3.4. Utility Function

After defining agents and their strategies, a proper utility function should be defined for the model. To achieve this end, in this paper, several functional and structural properties that seem to have impact on C. elegans frontal neural network formation are used as parameters of utility function. These factors include physical distance between the neurons, difference between neurons birth-time, average shortest path of each neuron to the other neurons in the network, page-rank, betweenness centrality, and closeness centrality. Consider u_i↔j(g) is the utility function for neuron i in the network g, against its opponent that is neuron j, D_ij is the physical distance between neuron i and neuron j, B_ij is the difference between birth-time of neuron i and neuron j, S_ig is the average shortest path of neuron i in the network g, p_i is the page-rank of neuron i in the network g, C_i is the closeness centrality of neuron i and finally Be_i is the betweenness centrality of neuron i and α, β, λ, θ, ρ and ω are coefficients of the used parameters. Then The utility function for each neuron is made as follow:

$\begin{array}{ll}{u}_{i\leftrightarrow j}(g)=\alpha D_{ij}+\beta B_{ij}+\lambda S_{ig}+\theta p_i+\rho C_i+\omega B{e}_i& (1)\end{array}$

4. Implementation

To implement the model, first, the coefficients of the utility function should be identified. These coefficients are calculated applying the concept of pairwise stability and using linear programming.

The Pulp python package is used for linear programming (Mitchell et al., 2011). To calculate the limiting constraints for linear programming, with this assumption that the C. elegans frontal neural network is pairwise stable, first the utility function is calculated for each pair of neurons with a link between them. Then, the link deleted and again the utility function is calculated in this situation, and the different of these two utilities is used as constraints of linear programming to satisfy the requirements of pairwise stability. The constraints are calculated as depicted in Equation (2).

$\begin{array}{l}\left(u_{i\leftrightarrow j}-u_{i\leftrightarrow j}^{\prime }\right)=\alpha \left(D_{ij}\right)+\beta \left(B_{ij}-B_{ij}^{\prime }\right)+\lambda \left(S_{ij}-S_{ij}^{\prime }\right)\\ +\rho (P_i-P_i^{\prime })+\theta (C_i-C_i^{\prime })+\omega \left(B{e}_i-B{e}_i{}^{\prime }\right)\le 0& (2)\end{array}$

Again for each pair of neurons departed from each other, the utility is calculated in both situations, with and without the link between the neurons, and the difference is used as the constraints.

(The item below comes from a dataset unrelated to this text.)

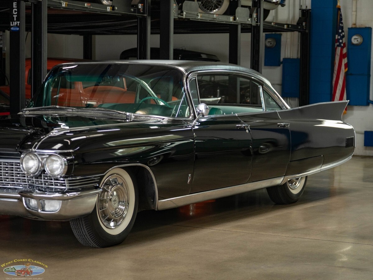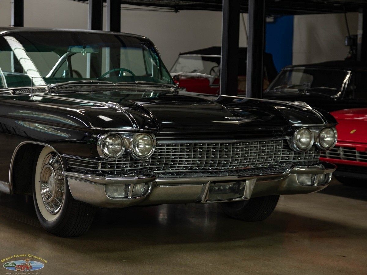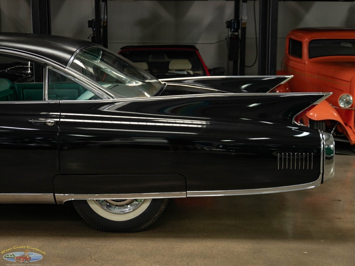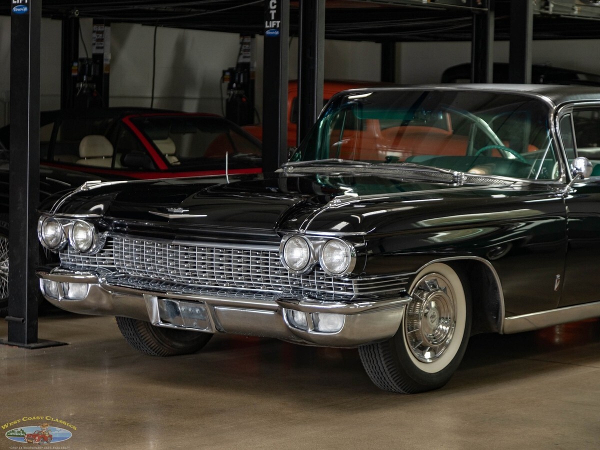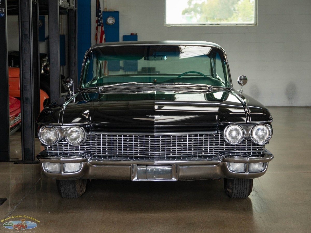 West Coast Classics are proud to present an exceptional and great daily driving and rust free example of this mostly all original 1960 Cadillac Fleetwood Sixty Special 6 Window 4 Door Hardtop in Black color paint and with its seemingly all original 'Green' fabric & leather (trim code 67) interior with its original 390/325HP 4 bbl V8 engine matched to a 'Jetaway' Hydra-matic transmission and factory options including;Air conditioning ($474)Power windowsPower vent windowsPower brakesSix-Way power seat adjustment ($85)AM radio with rear speakers ($165)Guidematic headlamp dimmers ($45)Front & rear center armrestsInterior courtesy & map lightsLeft Side Remote Outside MirrorElectric ClockRear Fender SkirtsFront Cornering LampsThere's no better example of GM's styling and engineering prowess in a four door luxury sedan model than the 1960 Cadillac Fleetwood Sixty Special - drive one like this particular example and you will see why - its hard to believe that this car was built over 60 years ago! These cars bristled with the latest in modern appointments and had few rivals in the luxury market and were purchased only by the very privileged elite.The car is mostly all original apart from one repaint and the original 390/325HP 4 barrel V8 engine is extremely strong and powerful and and this particular car drives absolutely magnificently - does not miss a beat and purrs like a kitten - drives straight as an arrow with no strange road wobbles, shakes or rattles - a truly remarkable daily driver that will give any modern day car a run for it's money! The transmission shifts smoothly through the gears and the car is an absolute pleasure to drive! The floor boards, trunk and all the typical rust-prone areas are completely original, solid and rust-free and the car has no signs of any accidents.The car has been repainted once from its original 'Olympic White' color and boasts its seemingly all original specs 'Green' leather& fabric interior and Green carpeting, headliner and trim, all of which are still in quite exceptional condition throughout for their age (over 65 years old!) The car boasts its original trunk lining, spare wheel and jack in the truck!This is a rare opportunity to own a great daily driving example of a very beautiful 1960 Cadillac Fleetwood Sixty Special showing pride of ownership and fully loaded with factory options including air conditioning and in great driving and looking condition!

This time, the constraints are calculated using Equation (3).

$\begin{array}{l}\left(u_{i\leftrightarrow j}-u_{i\leftrightarrow j}{}^{\prime }\right)=\alpha \left(D_{ij}\right)+\beta \left(B_{ij}-B_{ij}{}^{\prime }\right)+\lambda \left(S_{ij}-S_{ij}{}^{\prime }\right)\\ +\rho \left(P_i-P_i{}^{\prime }\right)+\theta \left(C_i-C_i{}^{\prime }\right)+\omega \left(B{e}_i-B{e}_i{}^{\prime }\right)\ge 0& (3)\end{array}$

These constraints are calculated for each pair of neurons and added to the dictionary of the constraints. Dictionary of constraints is a data structure that is used to pass the constraints to the Pulp for linear programming.

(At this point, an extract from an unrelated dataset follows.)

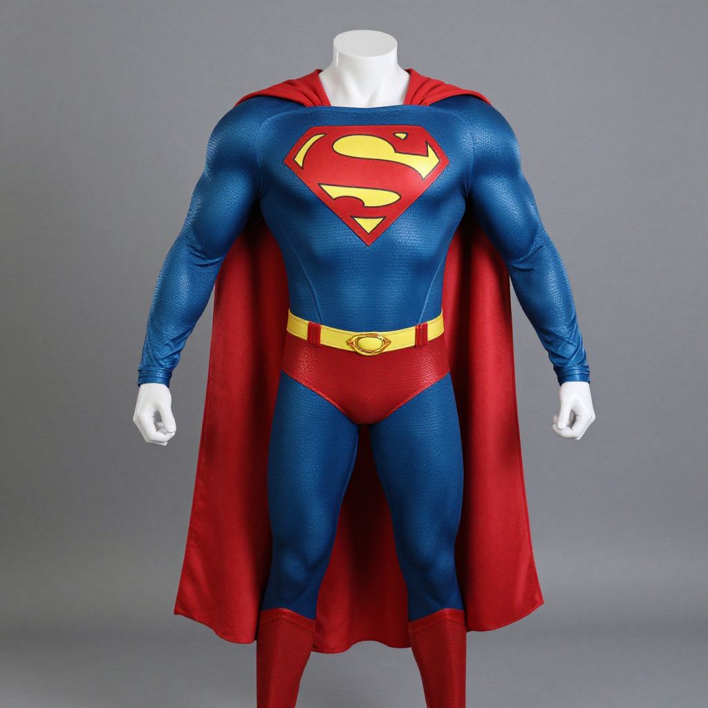 Photograph of a mannequin dressed as Superman. The costume features a blue, textured bodysuit with a large red "S" emblem on the chest, red trunks with a yellow belt, and red boots. A red cape with a yellow trim hangs from the shoulders. The mannequin has a white, featureless head and hands. The background is a plain, gradient gray. The costume is highly detailed, with a shiny, almost metallic texture on the blue bodysuit, and a smooth, fabric-like texture on the cape and trunks.

In the next step, an objective function should be identified to minimize by linear programming. Thus, the sum of all utilities for all the neurons is used as the objective function of linear programming. Then, linear programming is applied with the defined constraint dictionary. The objective function and the required coefficients are calculated, accordingly. The coefficients after applying linear programming are shown in Table 1. Pulp uses heuristic algorithms to solve linear programming problems.

TABLE 1

Table 1. Calculated coefficients for utility function.

Since the problem space is not convex, it doesn't guarantee the optimum answer and may stop in local optimums. Note that only satisfying constraints is critical and suffice here and the global minimum solution is not sought for.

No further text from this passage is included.